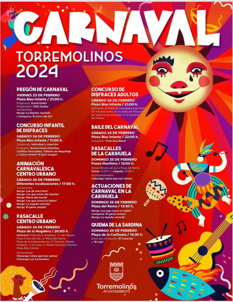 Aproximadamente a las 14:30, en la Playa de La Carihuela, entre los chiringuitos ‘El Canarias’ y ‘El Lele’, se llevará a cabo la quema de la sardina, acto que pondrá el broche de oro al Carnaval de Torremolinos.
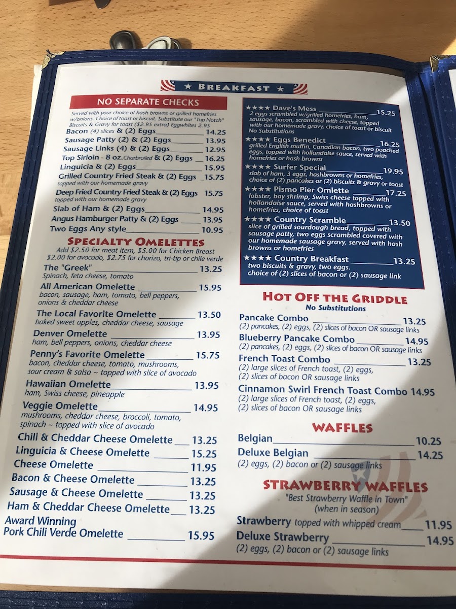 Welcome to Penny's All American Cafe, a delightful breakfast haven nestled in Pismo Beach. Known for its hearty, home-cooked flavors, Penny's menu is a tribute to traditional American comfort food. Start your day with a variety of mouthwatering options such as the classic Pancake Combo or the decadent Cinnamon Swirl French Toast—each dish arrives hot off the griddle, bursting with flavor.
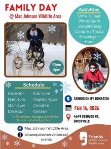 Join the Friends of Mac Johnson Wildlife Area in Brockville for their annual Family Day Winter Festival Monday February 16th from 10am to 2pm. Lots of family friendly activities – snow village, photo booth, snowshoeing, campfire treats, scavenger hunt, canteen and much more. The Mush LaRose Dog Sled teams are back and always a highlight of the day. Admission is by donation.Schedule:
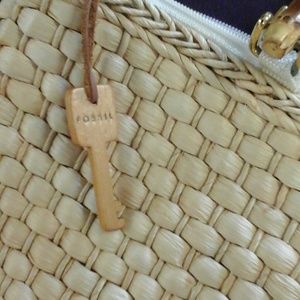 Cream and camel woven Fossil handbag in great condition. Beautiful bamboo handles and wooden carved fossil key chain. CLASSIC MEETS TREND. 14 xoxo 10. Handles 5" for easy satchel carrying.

* * *

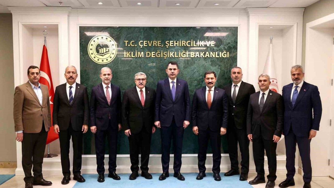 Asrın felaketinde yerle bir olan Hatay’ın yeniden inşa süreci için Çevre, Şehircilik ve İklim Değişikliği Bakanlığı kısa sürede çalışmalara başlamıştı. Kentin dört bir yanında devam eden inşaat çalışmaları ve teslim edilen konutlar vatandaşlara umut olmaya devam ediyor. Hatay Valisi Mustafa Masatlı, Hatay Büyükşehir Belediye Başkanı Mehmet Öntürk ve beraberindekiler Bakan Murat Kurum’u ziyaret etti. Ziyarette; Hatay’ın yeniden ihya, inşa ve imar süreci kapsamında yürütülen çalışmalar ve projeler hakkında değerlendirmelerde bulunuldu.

* * *

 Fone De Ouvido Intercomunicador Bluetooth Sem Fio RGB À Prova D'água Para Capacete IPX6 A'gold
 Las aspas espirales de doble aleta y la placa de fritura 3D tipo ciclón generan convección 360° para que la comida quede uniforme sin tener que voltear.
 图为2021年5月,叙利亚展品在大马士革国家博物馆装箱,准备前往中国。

■ Problem statement: Using the data above, print only the lines starting at the one with "Aproximadamente a las" and ending at the one with "Cream and camel", exactly as they stand, minus the pictures.

■ Exercise result:
 Aproximadamente a las 14:30, en la Playa de La Carihuela, entre los chiringuitos ‘El Canarias’ y ‘El Lele’, se llevará a cabo la quema de la sardina, acto que pondrá el broche de oro al Carnaval de Torremolinos.
 Welcome to Penny's All American Cafe, a delightful breakfast haven nestled in Pismo Beach. Known for its hearty, home-cooked flavors, Penny's menu is a tribute to traditional American comfort food. Start your day with a variety of mouthwatering options such as the classic Pancake Combo or the decadent Cinnamon Swirl French Toast—each dish arrives hot off the griddle, bursting with flavor.
 Join the Friends of Mac Johnson Wildlife Area in Brockville for their annual Family Day Winter Festival Monday February 16th from 10am to 2pm. Lots of family friendly activities – snow village, photo booth, snowshoeing, campfire treats, scavenger hunt, canteen and much more. The Mush LaRose Dog Sled teams are back and always a highlight of the day. Admission is by donation.Schedule:
 Cream and camel woven Fossil handbag in great condition. Beautiful bamboo handles and wooden carved fossil key chain. CLASSIC MEETS TREND. 14 xoxo 10. Handles 5" for easy satchel carrying.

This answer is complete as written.